For Your Eyes Only: Seiko's Precise Story


In 1881, a young 22-year-old entrepreneur, Kintaro Hattori, opened a clock repair shop in Japan. Thanks to his success, he founded his first factory 11 years later in the centre of Tokyo, which he named "SEIKOSHA", literally meaning "the house of precision".


Seiko founder Kintaro Attori

Although Seiko is best known for its wristwatches, in 1942 the company decided to start manufacturing and distributing opthalmic lenses for spectacle frames. The lens production was as precise as that of their timekeeping devices, and following continued development over eight decades, Seiko Optical now produce the most advanced range of optical lenses in the world. The company has recently launched "Seiko Vision Specialists", the first international co-branded program for premium independent opticians, and their latest partnership is with The Ocularium - the optical retail business launched in London this year by David and Elliot Mason.


Correct lens choice essential for A View To A Kill

Seiko's reputation for advanced technical innovation achieved international recognition in 1964, when the company was chosen as official timekeeper for the Tokyo Olympics. In addition to supplying the mechanical stopwatches that were used in the games, Seiko became the first company to use quartz clocks for all of the major Olympic events.

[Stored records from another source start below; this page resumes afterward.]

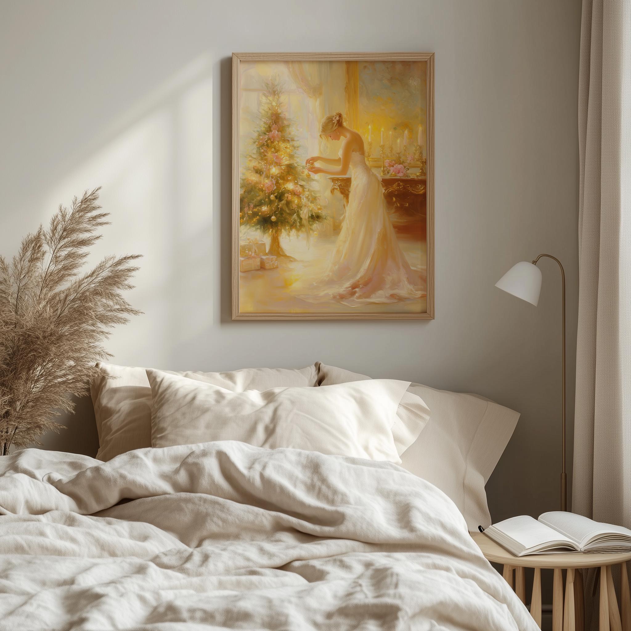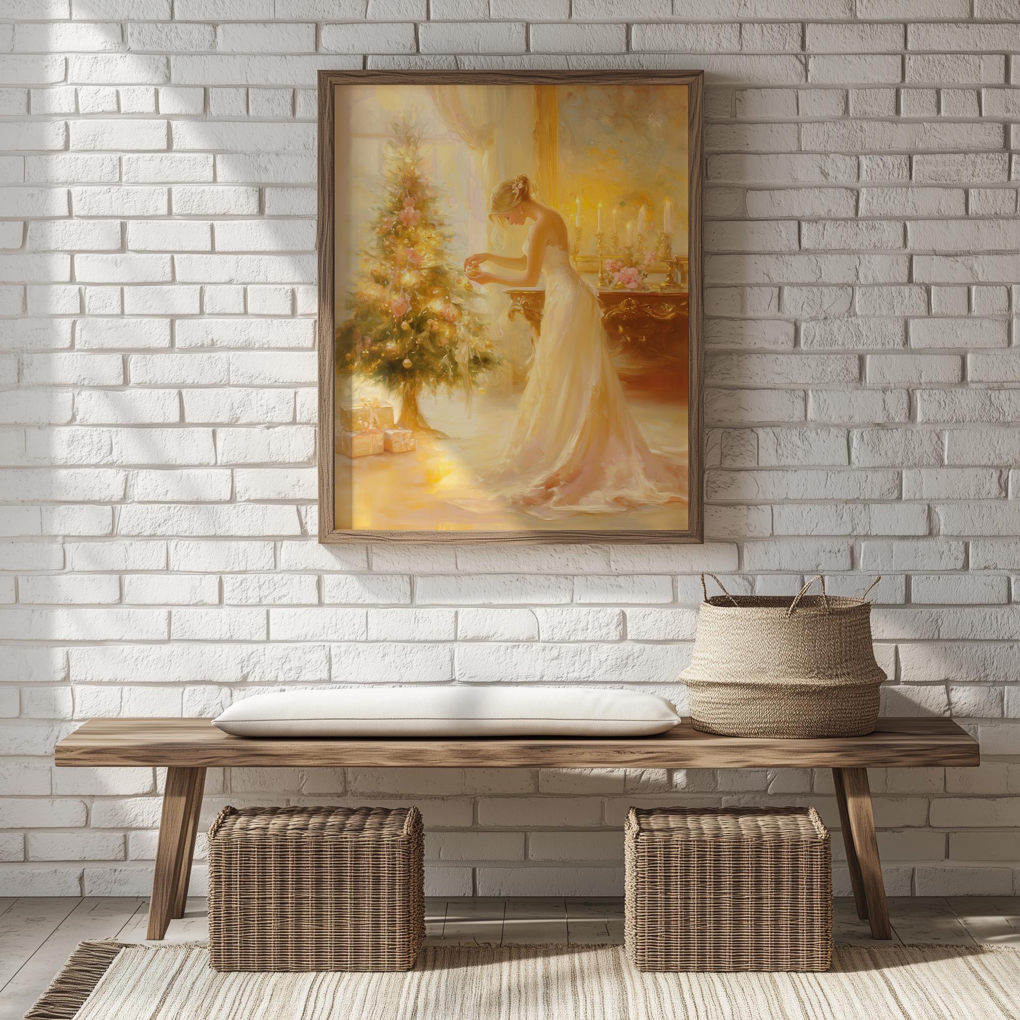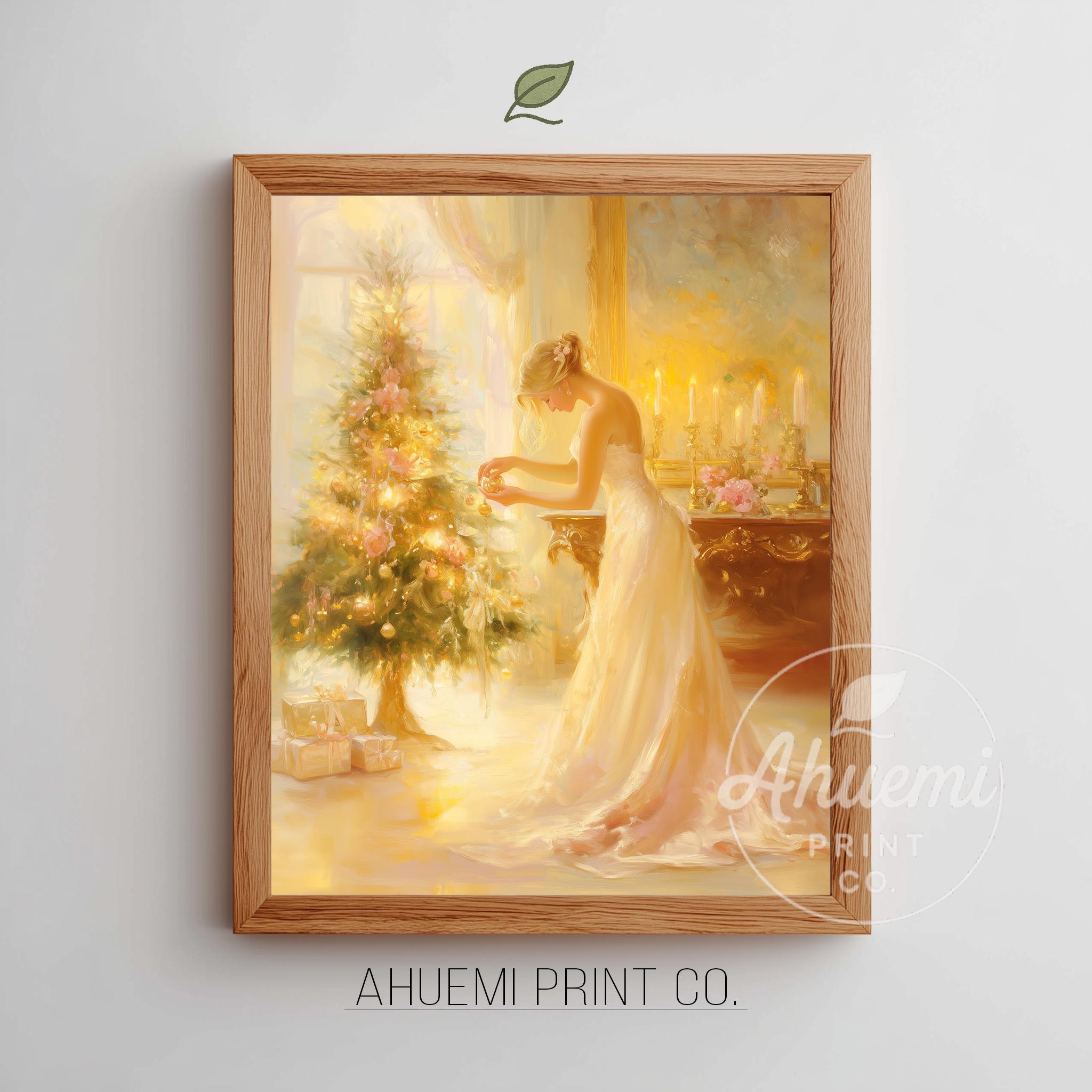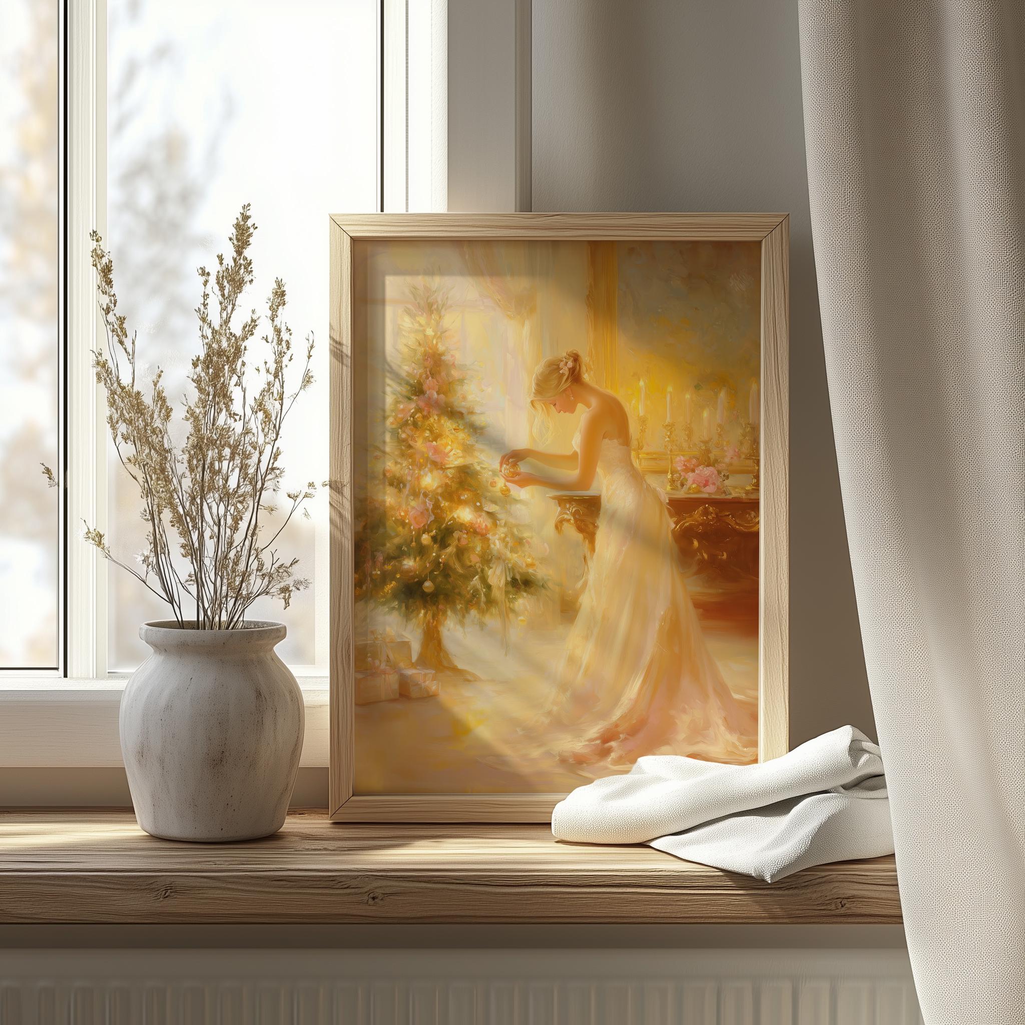 Immerse yourself in the charm with this rustic painting of an elegant woman adorned in a satin gown, standing gracefully beside a beautifully decorated pink Christmas tree. An instantly downloadable print, it's perfect for elevating your decor with budget-friendly charm. This gives you the flexibility to customize the size, frame, and material according to your personal taste and space, ensuring a perfect fit for your walls.
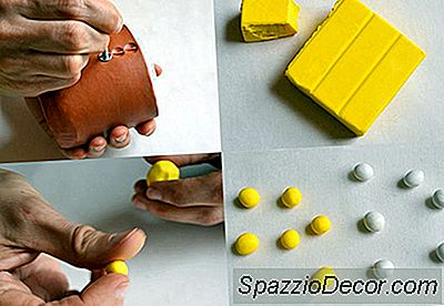 Prendi la vite e premi delicatamente nell'argilla, forma le impronte su una linea lungo il lato della tua pentola, assicurandoti di allineare le cuciture. Ripeti 3 o 4 volte in righe all'esterno. Mancia: Per impronte perfettamente allineate, segnare la vite con una penna, per facilità.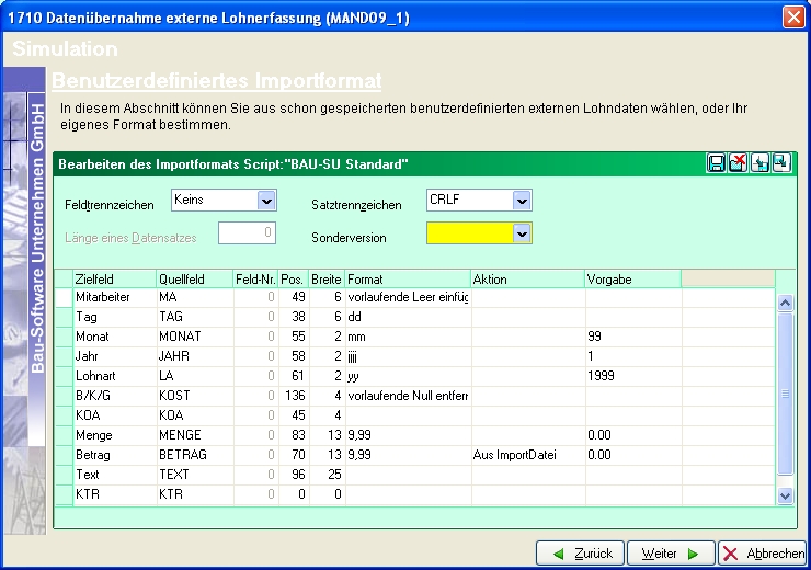In BauSU und Molteo muss eine eindeutige Identifikationsnummer jeweils für Projekte, Personal, Geräte und Material hinterlegt sein.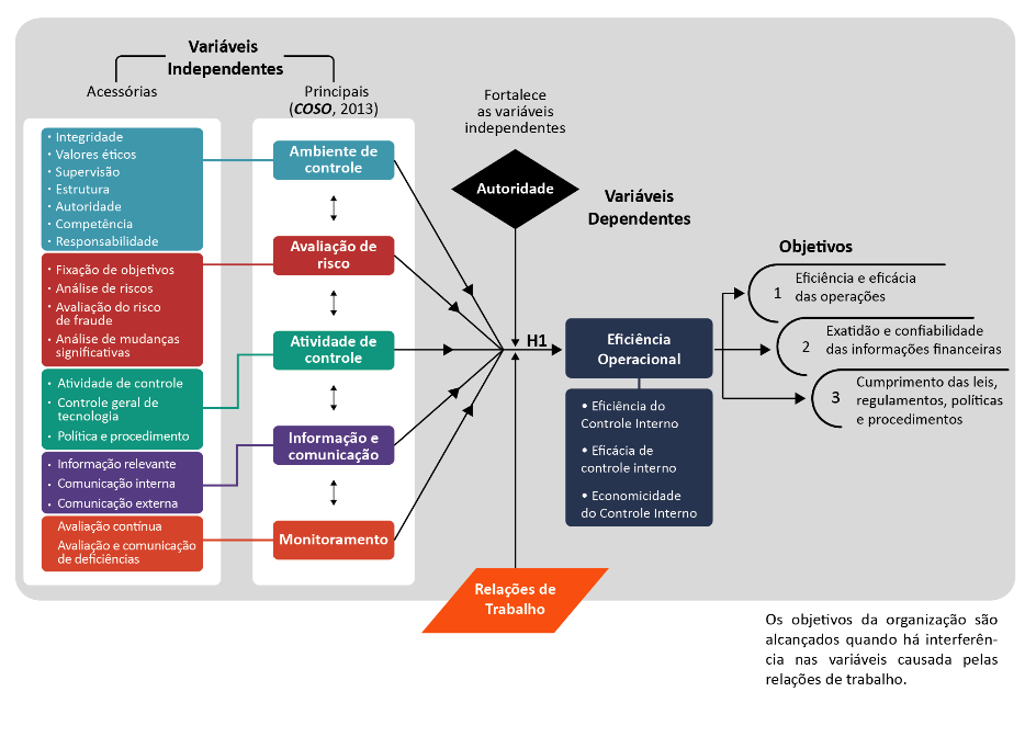 O efetivo funcionamento das variáveis independentes (construtos) proporciona a consolidação da variável dependente (eficiência operacional) (AMUDO; INANGA, 2009). Assim, a eficiência operacional do Controle Interno (variável dependente) é atingida mediante a presença de seus componentes (variáveis independentes), que são predefinidas em relação a cada uma das categorias de objetivos da organização (SILVA; GOMES; ARAÚJO, 2014).

1964 Tokyo Olympics promotional poster 

Seiko's pioneering development of quartz technology in preparation for the Tokyo Olympics continued after the games had ended. In 1969, they introduced the "Astron" - the world's first commercial quartz wristwatch, costing the equivalent of a medium-sized car when it was launched, then in 1973 the first wristwatch with an LCD display capable of displaying six digits for hours, minutes and seconds, and in 1975, the first digital watch with a stopwatch function. In 1978, Seiko introduced the world's first quartz diver's watch with a water resistance of 600 meters, then in 1982, the first wristwatch to incorporate a television... no wonder the gadget-loving James Bond traded his Rolex for a Seiko during this period.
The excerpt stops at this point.